Archive for February 2007

Life Process Outsourcing – a short story by Vikram Karve

February 21, 2007

LPO – LIFE PROCESS OUTSOURCING

( a fiction short story )

by

VIKRAM KARVE

 

 

 

 

 

On the morning of New Year’s Eve, while I am loafing on

Main Street

, in Pune, I meet an old friend of mine. 

“Hi!” I say. 

“Hi,” he says, “where to?” 

“Aimless loitering,” I say, “And you?” 

“I’m going to work.” 

“Work? This early? I thought your shift starts in the evening, or late at night. You work at a call center don’t you?” 

“Not now. I quit. I’m on my own now.” 

“On your own? What do you do?” 

“LPO.” 

“LPO? What’s that?” 

“Life Process Outsourcing.” 

“Life Process Outsourcing? Never heard of it!” 

“You’ve heard of Business Process Outsourcing haven’t you?” 

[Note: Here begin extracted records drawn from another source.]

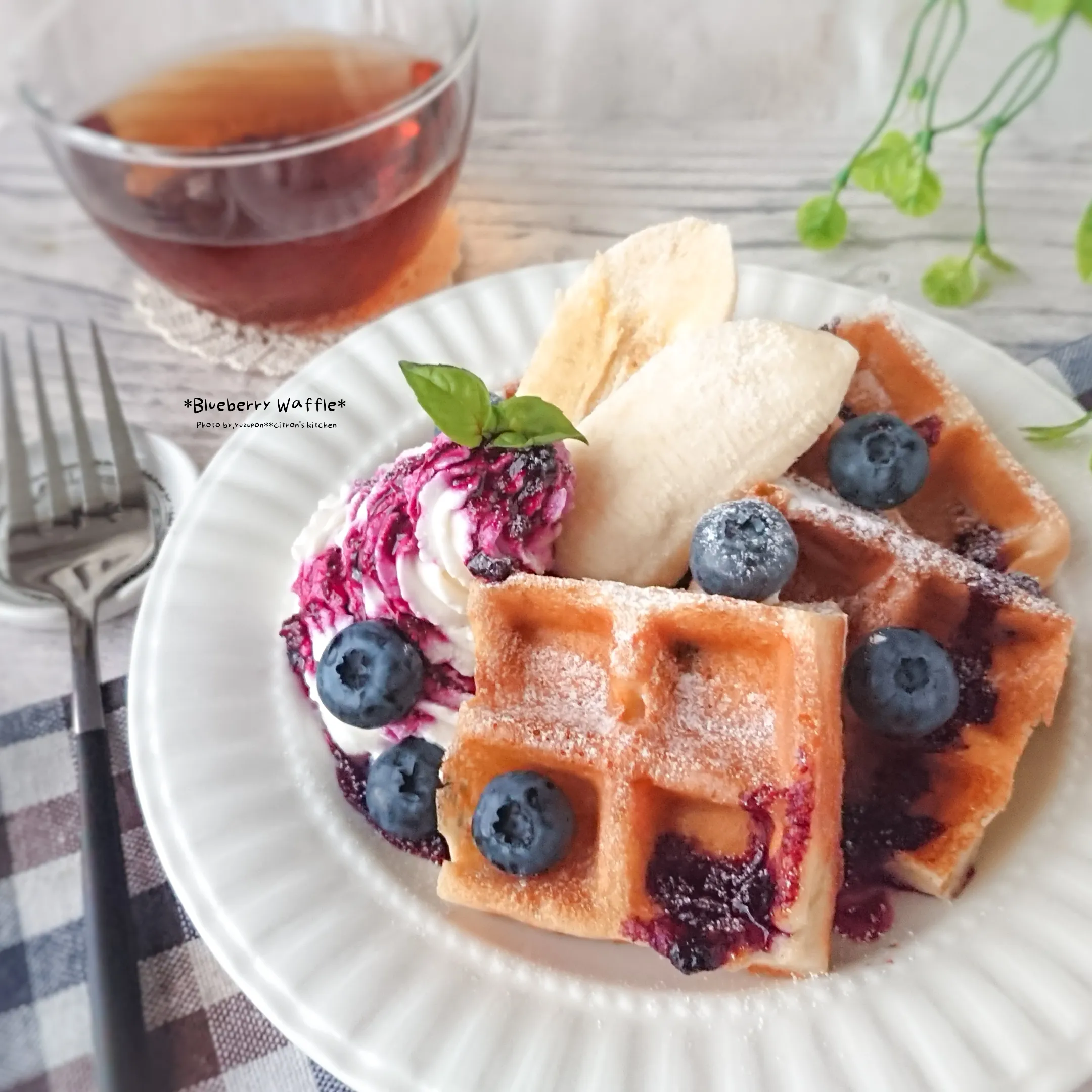 #おやつ #ブランチ #デザート #ブルーベリーワッフル #ブリュッセルワッフル #卵なし #ブルーベリー #バナナ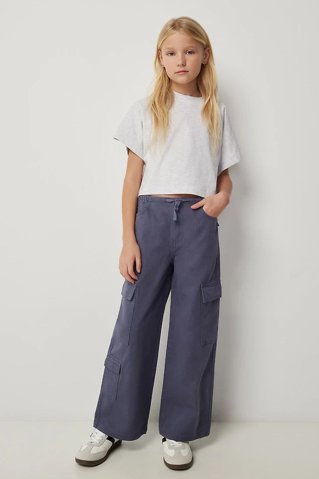 Ardene Kids Wide Leg Cargo Pants in Dark Blue | Size | 100% Cotton
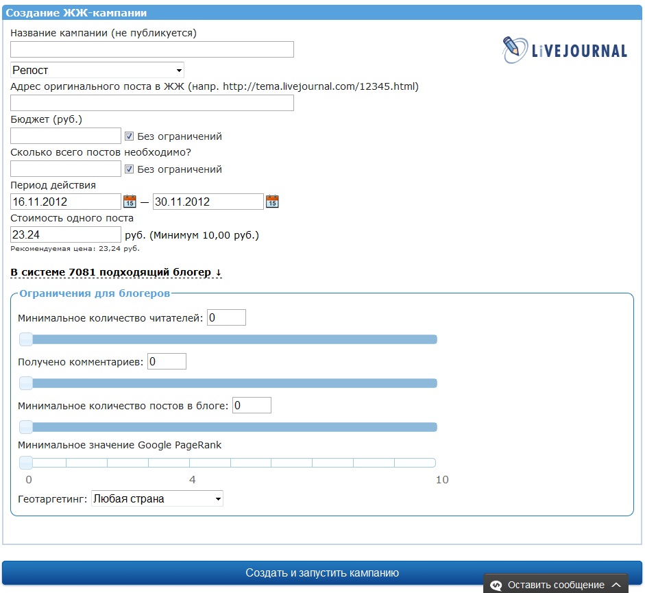 Не забудьте нажать на «В систем № подходящих блогер», чтобы еще более сузить таргетинг, ведь нет смысла размещать рекламу на непосещаемых ресурсах, поэтому установите свои значения для минимального количества читателей, комментариев и постов в ЖЖ, и сама биржа вам автоматически покажет, сколько платформ удовлетворяют ваше требование и ориентировочная цена на размещение поста. Так же если вы собираетесь еще и повысить значение Google PageRank, стоит выбирать блоги с не нулевым показателем, а для трафика будут полезен геотаргетинг по нужной вам русскоговорящей стране.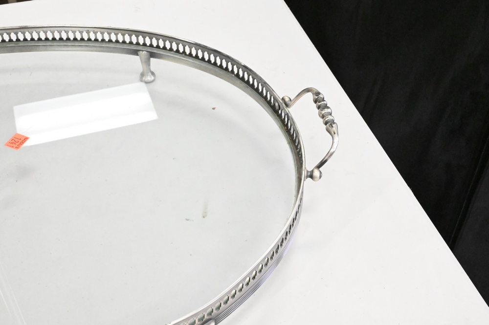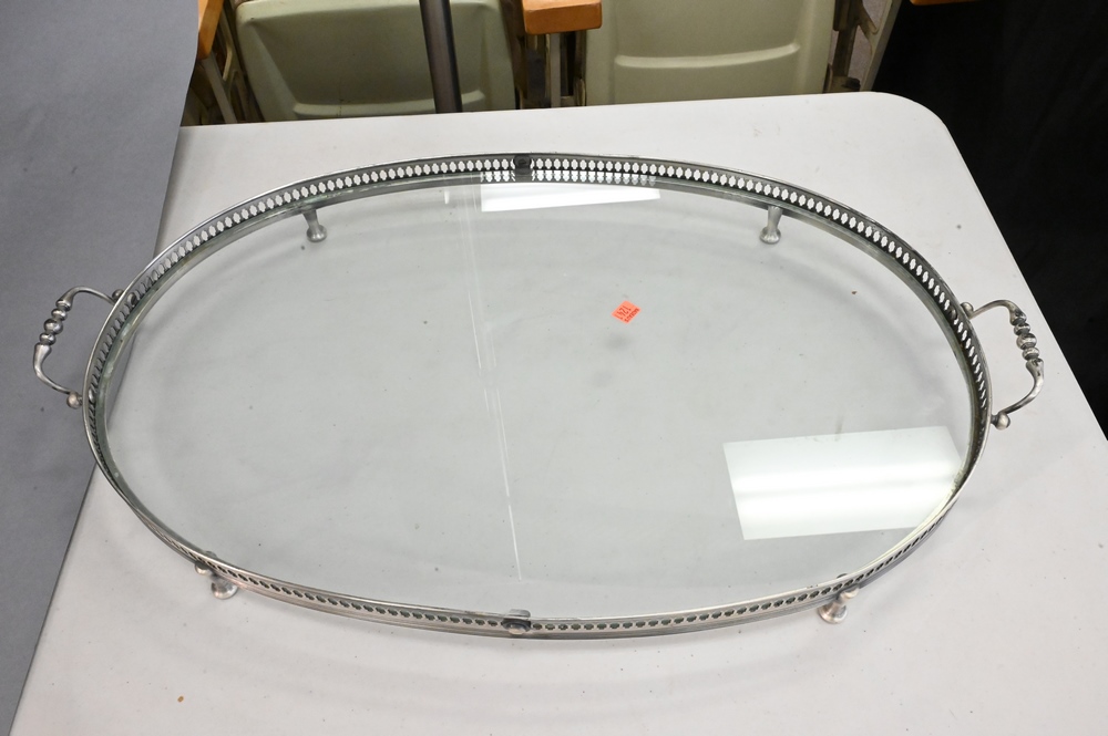 Three Piece Lot, having two table lamps to include a large Waterford crystal and a porcelain Oriental style, tallest 34 1/2 inches; along with a large glass tray; 35 inches. Provenance: Collections of Norma Reilly, New Jersey.

“BPO? Outsourcing non-core business activities and functions?” 

“Precisely. LPO is similar to BPO. There it’s Business Processes that are outsourced, here it’s Life Processes.” 

Life Processes? Outsourced?”  

“Why don’t you come along with me? I’ll show you.” 

Soon we are in his office. It looks like a mini call center. 

A young attractive girl welcomes us. “Meet Rita, my Manager,” my friend says, and introduces us. 

Rita looks distraught, and says to my friend, “I’m not feeling well. Must be viral fever.” 

“No problem. My friend here will stand in.” 

“What? I don’t have a clue about all this LPO thing!” I protest. 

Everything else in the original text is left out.